- Directed by: Peter Mettler
- Written by: Peter Mettler
- Produced by: Niv Fichman
- Starring: Christie MacFadyen Stephen Ouimette Gary Reineke
- Cinematography: Peter Mettler Tobias A. Schliessler Gerald Packer
- Edited by: Peter Mettler Margaret Van Eerdewijk
- Music by: Fred Frith Jane Siberry
- Production companies: Rhombus Media Grimthorpe Film Inc.
- Distributed by: Cinephile
- Release date: August 3, 1989;
- Running time: 110 minutes
- Country: Canada
- Language: English

= The Top of His Head =

The Top of His Head is a 1989 Canadian comedy-drama film written and directed by Peter Mettler. It stars Stephen Ouimette, Christie MacFadyen and Gary Reineke, and tells the story of a satellite-dish salesman whose ordered life is disrupted after he meets a performance artist. The film won the Silver Plate Award at the Figueira da Foz Festival and received three Genie Award nominations.

== Synopsis ==

The film follows Gus Victor, a satellite-dish salesman whose routine is unsettled by his encounter with Lucy, a radical performance artist. After Lucy leaves him a cryptic note, Gus sets out to find her, and the search changes his understanding of himself.

==Cast==
The cast includes:

==Production==
The film was shot in Toronto, Ontario, in the fall of 1987. The film's soundtrack, The Top of His Head, was written and composed by Fred Frith. Jane Siberry also contributed a song, "This Old Earth".

== Festival screenings ==
The film premiered in the Perspective Canada program at the 1989 Festival of Festivals. It later screened at the 51st Festival dei Popoli in Florence in 2010.

== Reception ==
=== Critical response ===
Filmdienst described the film as an ambitious comedy with existential elements. The review noted the film’s stylized audiovisual approach, particularly its use of television imagery and atmospheric music.

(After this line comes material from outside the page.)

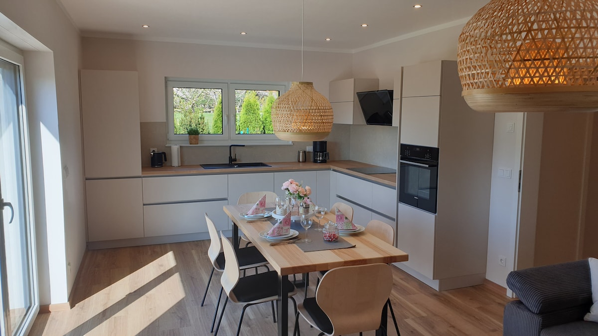 Helle, freundliche Dachgeschosswohnung. Es gibt ein Doppelbett und ein Reisebett für Kleinkinder im Schlafzimmer und eine Couch im Wohnzimmer. In der geräumigen Küche kann in gemütlicher Runde gegessen werden. Im Bad gibt es eine Badewanne mit Duschabtrennung. Die Wohnung befindet sich im Haus meiner Mama. Sie kümmert sich um die Schlüsselübergabe. Bei Buchung mit Hund fallen 5 € zusätzlich pro Tier und Nacht an. Bitte die Kurtaxe in Höhe von 2,50 € pro Person bar vor Ort bezahlen.

=== Awards and nominations ===
In 1989, the film won the Silver Plate Award at the Figueira da Foz Festival and was runner-up for Most Popular Film at the Vancouver International Film Festival. In addition to Jane Siberry's Best Original Song nomination, the film also received Genie Award nominations for Best Actor for Stephen Ouimette and Best Original Screenplay for Peter Mettler.